--- Material provided Enclosed Below ---

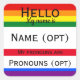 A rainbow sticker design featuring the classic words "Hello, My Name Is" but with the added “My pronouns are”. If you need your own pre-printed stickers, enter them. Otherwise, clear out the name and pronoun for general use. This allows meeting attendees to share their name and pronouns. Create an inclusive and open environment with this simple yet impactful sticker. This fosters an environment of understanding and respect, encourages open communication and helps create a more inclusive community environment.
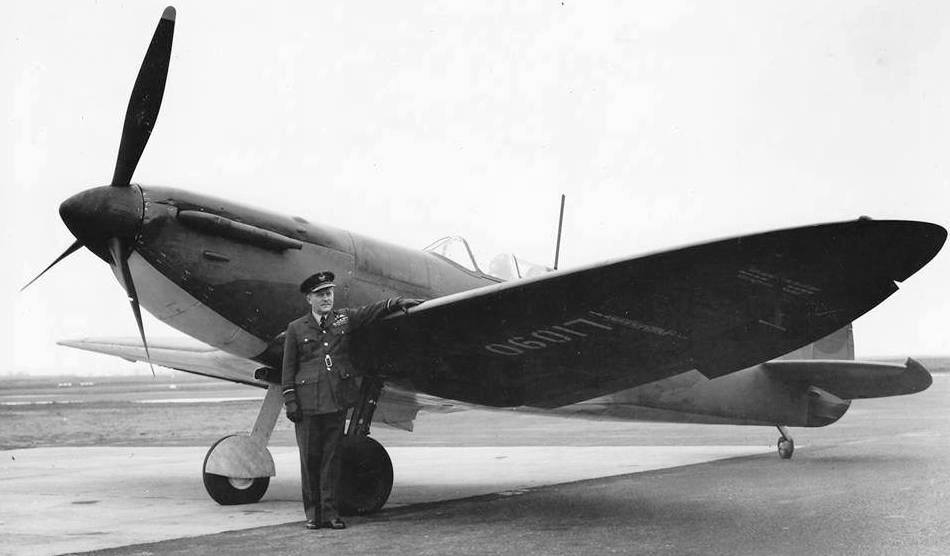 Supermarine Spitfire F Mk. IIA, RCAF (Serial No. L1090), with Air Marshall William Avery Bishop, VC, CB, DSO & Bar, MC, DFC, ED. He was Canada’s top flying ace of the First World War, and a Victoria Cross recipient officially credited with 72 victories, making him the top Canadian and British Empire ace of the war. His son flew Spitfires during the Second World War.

--- End of Enclosed Material provided ---
--- Material provided Enclosed Below ---

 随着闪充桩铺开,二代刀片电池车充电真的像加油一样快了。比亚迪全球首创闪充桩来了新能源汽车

--- End of Enclosed Material provided ---

What is needed is an exact copy of the lines above from the one with "A rainbow sticker" to the one with "Supermarine Spitfire F", both ends kept, and nothing more; please leave the pictures out.

* **Exercise response**
 A rainbow sticker design featuring the classic words "Hello, My Name Is" but with the added “My pronouns are”. If you need your own pre-printed stickers, enter them. Otherwise, clear out the name and pronoun for general use. This allows meeting attendees to share their name and pronouns. Create an inclusive and open environment with this simple yet impactful sticker. This fosters an environment of understanding and respect, encourages open communication and helps create a more inclusive community environment.
 Supermarine Spitfire F Mk. IIA, RCAF (Serial No. L1090), with Air Marshall William Avery Bishop, VC, CB, DSO & Bar, MC, DFC, ED. He was Canada’s top flying ace of the First World War, and a Victoria Cross recipient officially credited with 72 victories, making him the top Canadian and British Empire ace of the war. His son flew Spitfires during the Second World War.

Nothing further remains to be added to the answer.